Like most of the county, Nevada bent to popular opinion by enacting a $350,000 cap on pain and suffering in 2004. To accomplish massive restrictions on negligence liability, insurance companies aired television ads of doctors walking out of town along the highway, fleeing from high malpractice insurance costs.

 

A congressional study and a national consumer advocacy group found at the time that the health care industry had spent millions of dollars exaggerating the malpractice crisis in Nevada and elsewhere in the country. Doctors overall weren’t actually leaving Nevada at a high rate. But the commercials, helped persuade voters to approve an industry-backed ballot initiative imposing a $350,000 cap on pain and suffering.

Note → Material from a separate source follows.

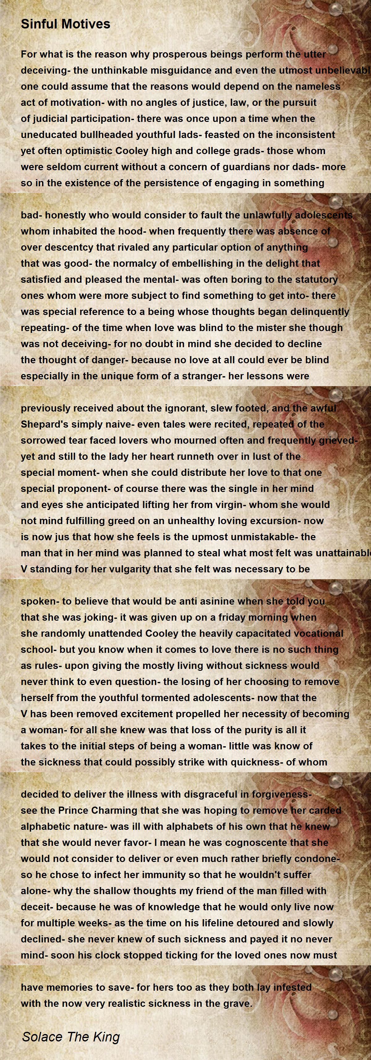 For what is the reason why prosperous beings perform the utter deceiving- the unthinkable misguidance and even the utmost unbelievable- one could assume that the reasons would depend on the nameless act of motivation- with no angles of justice, law, or the pursuit of judicial participation- there was once upon a time when the uneducated bullheaded youthful lads- feasted on the inconsistent yet often optimistic Cooley high and college grads- those whom were seldom current without a concern of guardians nor dads- more so in the existence of the persistence of engaging in something bad- honestly who would consider to fault the unlawfully adolescents whom inhabited the hood- when frequently there was absence of over descentcy that rivaled any particular option of anything that was good- the normalcy of embellishing in the delight that satisfied and pleased the mental- was often boring to the statutory ones whom were more subject to find something to get into- there was special reference to a being whose thoughts began delinquently repeating- of the time when love was blind to the mister she though was not deceiving- for no doubt in mind she decided to decline the thought of danger- because no love at all could ever be blind especially in the unique form of a stranger- her lessons were previously received about the ignorant, slew footed, and the awful Shepard's simply naive- even tales were recited, repeated of the sorrowed tear faced lovers who mourned often and frequently grieved- yet and still to the lady her heart runneth over in lust of the special moment- when she could distribute her love to that one special proponent- of course there was the single in her mind and eyes she anticipated lifting her from virgin- whom she would not mind fulfilling greed on an unhealthy loving excursion- now is now jus that how she feels is the upmost unmistakable- the man that in her mind was planned to steal what most felt was unattainable- V standing for her vulgarity that she felt was necessary to be spoken- to believe that would be anti asinine when she told you that she was joking- it was given up on a friday morning when she randomly unattended Cooley the heavily capacitated vocational school- but you know when it comes to love there is no such thing as rules- upon giving the mostly living without sickness would never think to even question- the losing of her choosing to remove herself from the youthful tormented adolescents- now that the V has been removed excitement propelled her necessity of becoming a woman- for all she knew was that loss of the purity is all it takes to the initial steps of being a woman- little was know of the sickness that could possibly strike with quickness- of whom decided to deliver the illness with disgraceful in forgiveness- see the Prince Charming that she was hoping to remove her carded alphabetic nature- was ill with alphabets of his own that he knew that she would never favor- I mean he was cognoscente that she would not consider to deliver or even much rather briefly condone- so he chose to infect her immunity so that he wouldn't suffer alone- why the shallow thoughts my friend of the man filled with deceit- because he was of knowledge that he would only live now for multiple weeks- as the time on his lifeline detoured and slowly declined- she never knew of such sickness and payed it no never mind- soon his clock stopped ticking for the loved ones now must have memories to save- for hers too as they both lay infested with the now very realistic sickness in the grave.

But the insurance industry didn’t bother to consider that minimizing their risk on claim payouts would lead to increased negligence. In Nevada, a Doctor is being sued for implementing cost-cutting strategies in his now closed endoscopy clinic that allegedly endangered the lives of his patients. Injured victims have claimed the Doctor re-used syringes without sanitizing them, and in many cases exposed his patients to Hepatitis C.

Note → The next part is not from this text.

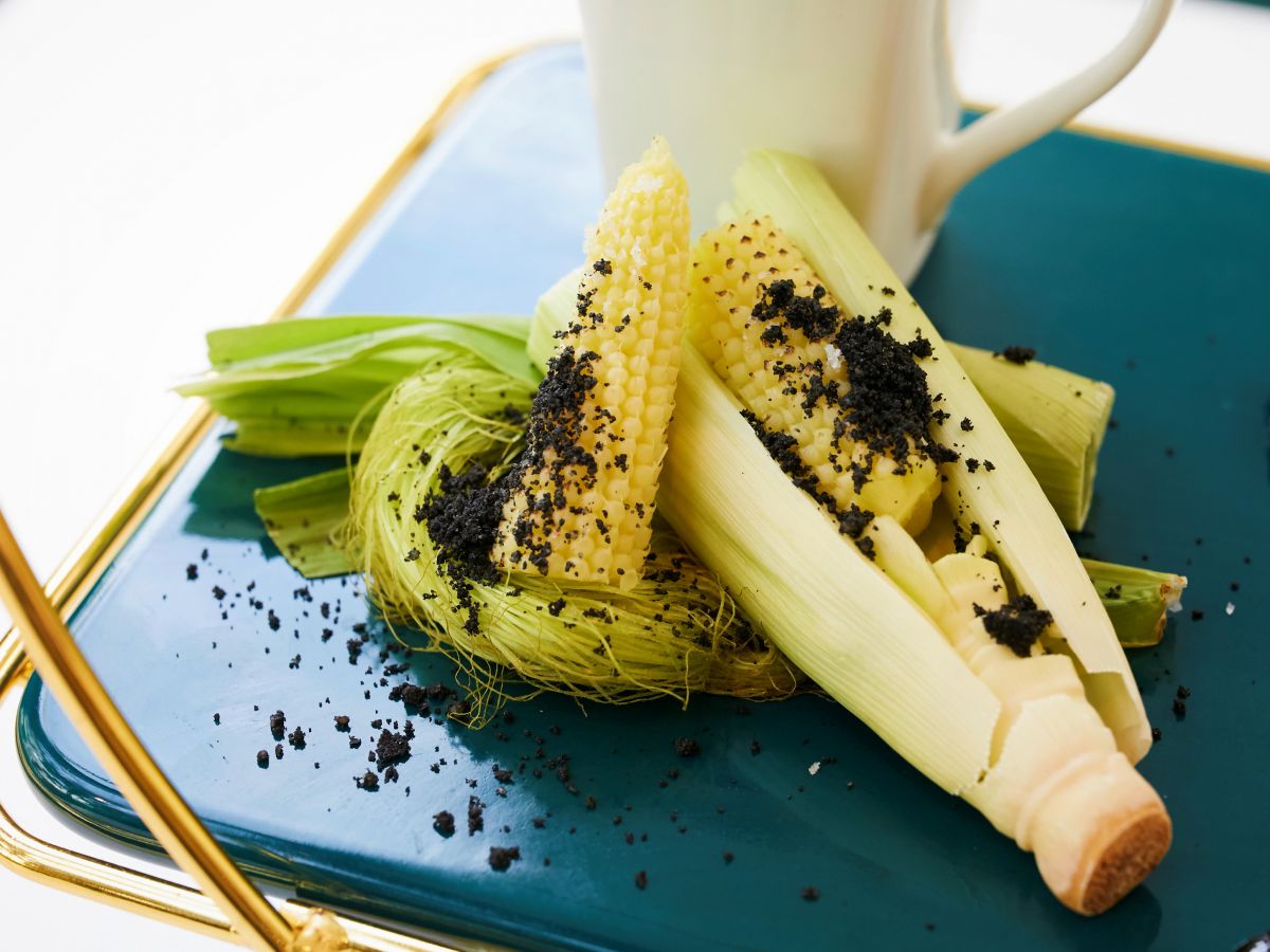 食べてみてびっくり!土に見立てた香ばしいパウダーとみずみずしいヤングコーンがベストマッチ。パウダーとともに軽く塩が振られているので、ヤングコーンの甘さも一層引き立ちます。

AB495 was recently introduced in the Nevada General Assembly. The bill seeks to eliminate the $350,000 cap. The measure also would increase the time limit for bringing a malpractice case to trial after it is filed. Instead of having two years, plaintiffs would have up to five years to get to trial.

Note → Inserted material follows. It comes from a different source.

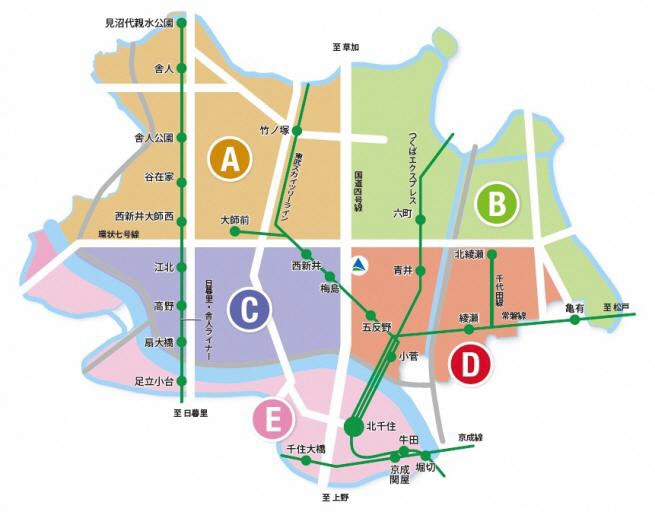 食料品、生鮮品、日用品 | パン、団子、飲料、お菓子、野菜、トイレットペーパー、洗剤等 | CDE |

Proponents of the bill state that the Hepatitis C outbreak has opened the eyes of the general public to the realities of tort reform. Damage caps have become vehicles that limit insurance company payouts without consideration of whether higher payments are justified based on negligence. As the public begins to see the lack of accountability in the medical profession created by damage caps they are beginning to wonder why they agreed to limit pain and suffering to $350,000 in the first place.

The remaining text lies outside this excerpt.